I don’t follow. You can write a program to generate random hypotheses, and you can write a program to figure out the implications of those hypotheses and whether they fit in with current experimental data, and if they do, to come up with tests of those ideas for future experiments. Now, just generating hypotheses completely randomly may not be a very efficient way, but it would work. That’s very different from saying “It’s impossible”. It’s just a question of figuring out how to make it efficient. So what’s the problem here?

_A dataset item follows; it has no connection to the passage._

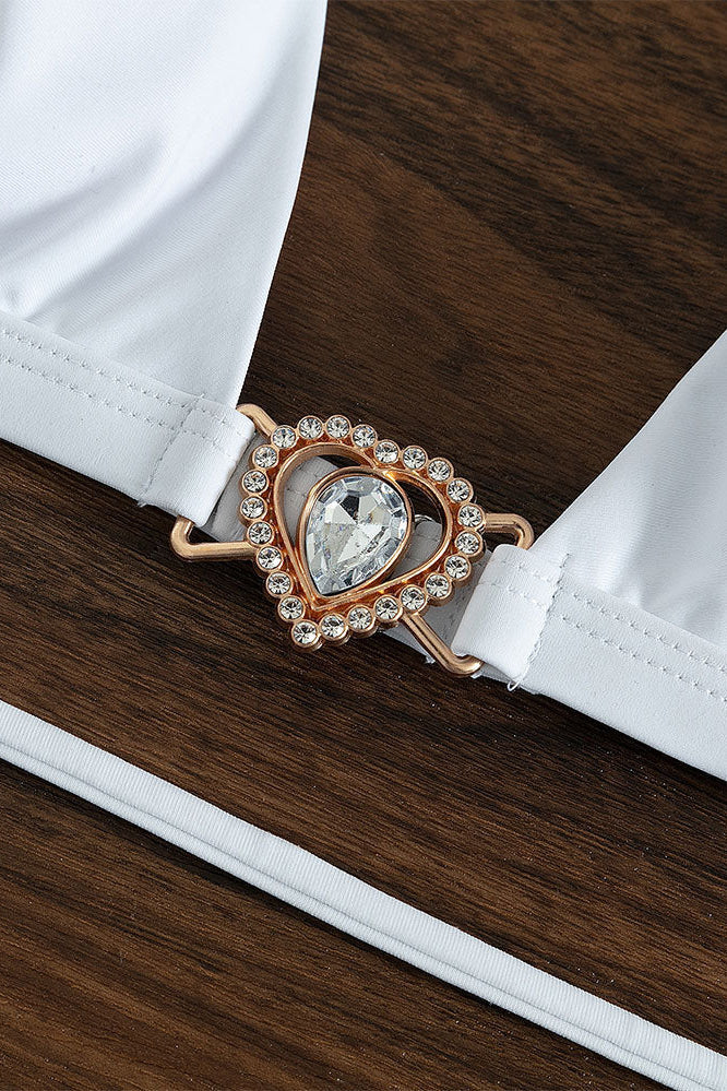White Heart Rhinestone Strappy Tied Sexy 2Pc Swimsuit Set Bikini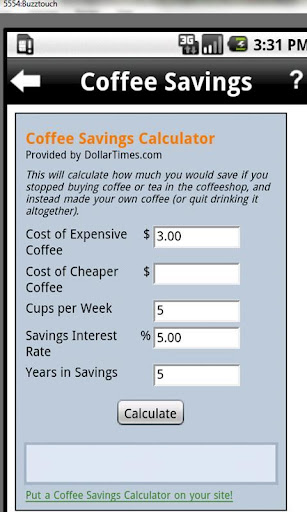 This app is to help you see the financial cost of little things we do each day in order to make some money saving adjustments...or not :-) This gives real numbers and is intended for fun and information. There are calculators for Gas Mileage, your daily Coffee habit, Lunch costs, Commuting costs and Cigarette habit expense. Simply go into the calculator you need and enter the info for each line and you will have an instant answer. Thanks to Dollartimes.com for their helpful calculators. Thanks and please share this app if you like it!

I think his claim is basically “we don’t know yet how to teach a machine how to identify reasonable hypotheses in a short amount of time,” where the “short amount of time” is implicit. The proposal “let’s just test every possible program, and see which ones explain Dark Matter” is not a workable approach, even if it seems to describe the class that contains actual workable approaches. (Imagine actually going to a conference and proposing a go-bot that considers every possible sequence of moves possible from the current board position, and then picks the tree most favorable to it.)
But the Turing test is very different from coming up with an explanation of dark matter. The Turing test is a very specific test of use of language and common sense, which is only defined in relation to human beings (and thus needs human beings to test) whereas an explanation of dark matter does not need human beings to test. Thus making this particular argument moot.
I think the Turing test is being used as an illustrative example here. It seems unlikely that you could have a genetic algorithm operate on a population of code and end up with a program that passes the Turing test, because at each step the genetic algorithm (as an optimization procedure) needs to have some sense of what is more or less likely to pass the test. It similarly seems unlikely that you could have a genetic algorithm operate on a population of physics explanations and end up with an explanation that successfully explains Dark Matter, because at each step the genetic algorithm needs to have some sense of what is more or less likely to explain Dark Matter.
I think his claim is that a correct inference procedure will point right at the correct answer, but as I disagree with that point I am reluctant to ascribe it to him. I think it likely that a correct inference procedure involves checking out vast numbers of explanations, and discarding most of them very early on. But optimization over explanations instead of over plans is in its infancy, and I think he’s right that AGI will be distant so long as that remains the case.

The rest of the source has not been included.